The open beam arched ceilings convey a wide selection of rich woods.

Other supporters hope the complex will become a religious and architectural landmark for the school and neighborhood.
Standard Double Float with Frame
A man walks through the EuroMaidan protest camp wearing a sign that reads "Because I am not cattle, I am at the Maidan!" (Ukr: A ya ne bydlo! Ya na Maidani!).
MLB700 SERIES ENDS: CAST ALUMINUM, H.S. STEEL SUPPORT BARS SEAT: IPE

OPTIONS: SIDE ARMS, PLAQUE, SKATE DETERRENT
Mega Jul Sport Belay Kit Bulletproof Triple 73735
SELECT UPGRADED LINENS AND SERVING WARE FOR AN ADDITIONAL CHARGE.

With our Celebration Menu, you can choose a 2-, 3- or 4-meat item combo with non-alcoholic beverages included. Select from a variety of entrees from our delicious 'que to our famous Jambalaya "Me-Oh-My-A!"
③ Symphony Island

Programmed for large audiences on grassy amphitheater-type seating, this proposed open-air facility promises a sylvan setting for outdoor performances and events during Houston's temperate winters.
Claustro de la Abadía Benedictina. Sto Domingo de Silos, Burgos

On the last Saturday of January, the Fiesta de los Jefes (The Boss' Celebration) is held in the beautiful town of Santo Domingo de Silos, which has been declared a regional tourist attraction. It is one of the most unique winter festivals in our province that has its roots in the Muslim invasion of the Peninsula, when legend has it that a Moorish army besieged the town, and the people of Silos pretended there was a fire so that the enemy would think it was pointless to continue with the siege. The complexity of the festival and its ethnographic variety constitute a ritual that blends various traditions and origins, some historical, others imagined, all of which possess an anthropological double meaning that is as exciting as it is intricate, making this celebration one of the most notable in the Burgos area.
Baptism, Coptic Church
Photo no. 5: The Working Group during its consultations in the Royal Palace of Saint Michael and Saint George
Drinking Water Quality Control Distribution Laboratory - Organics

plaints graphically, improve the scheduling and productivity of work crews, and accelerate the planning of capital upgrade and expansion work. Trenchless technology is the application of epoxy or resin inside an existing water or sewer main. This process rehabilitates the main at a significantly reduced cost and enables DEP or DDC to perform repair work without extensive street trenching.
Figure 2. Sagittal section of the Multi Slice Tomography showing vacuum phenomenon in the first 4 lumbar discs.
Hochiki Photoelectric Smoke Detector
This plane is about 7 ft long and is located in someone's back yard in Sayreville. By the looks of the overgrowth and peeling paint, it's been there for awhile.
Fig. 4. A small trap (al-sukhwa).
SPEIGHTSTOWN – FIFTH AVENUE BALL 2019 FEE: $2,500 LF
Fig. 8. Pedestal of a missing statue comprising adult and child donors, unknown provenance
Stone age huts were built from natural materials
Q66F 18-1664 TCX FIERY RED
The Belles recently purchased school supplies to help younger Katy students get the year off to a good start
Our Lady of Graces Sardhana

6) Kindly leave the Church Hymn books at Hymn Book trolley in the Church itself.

-----

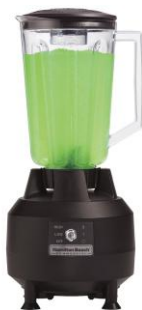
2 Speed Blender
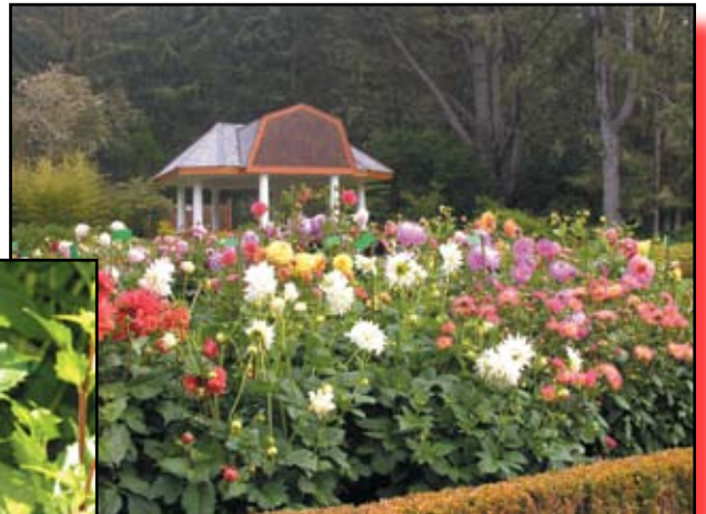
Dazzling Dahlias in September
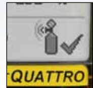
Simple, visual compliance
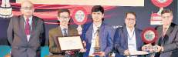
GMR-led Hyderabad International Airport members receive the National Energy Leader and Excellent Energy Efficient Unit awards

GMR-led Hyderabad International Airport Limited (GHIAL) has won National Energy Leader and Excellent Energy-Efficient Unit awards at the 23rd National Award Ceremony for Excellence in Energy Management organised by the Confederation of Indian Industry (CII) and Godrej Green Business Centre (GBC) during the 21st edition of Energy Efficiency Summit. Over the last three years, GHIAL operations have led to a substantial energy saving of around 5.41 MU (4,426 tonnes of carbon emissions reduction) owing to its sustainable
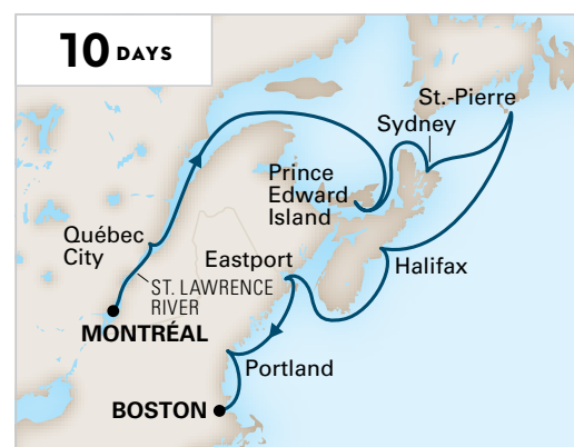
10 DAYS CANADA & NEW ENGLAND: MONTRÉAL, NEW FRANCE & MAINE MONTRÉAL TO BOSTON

-----

— INSTRUCTIONS FOR THE TASK —
The result is a copy of every line above where the word "Domingo" shows up.

— ANSWER SECTION —
Claustro de la Abadía Benedictina. Sto Domingo de Silos, Burgos
On the last Saturday of January, the Fiesta de los Jefes (The Boss' Celebration) is held in the beautiful town of Santo Domingo de Silos, which has been declared a regional tourist attraction. It is one of the most unique winter festivals in our province that has its roots in the Muslim invasion of the Peninsula, when legend has it that a Moorish army besieged the town, and the people of Silos pretended there was a fire so that the enemy would think it was pointless to continue with the siege. The complexity of the festival and its ethnographic variety constitute a ritual that blends various traditions and origins, some historical, others imagined, all of which possess an anthropological double meaning that is as exciting as it is intricate, making this celebration one of the most notable in the Burgos area.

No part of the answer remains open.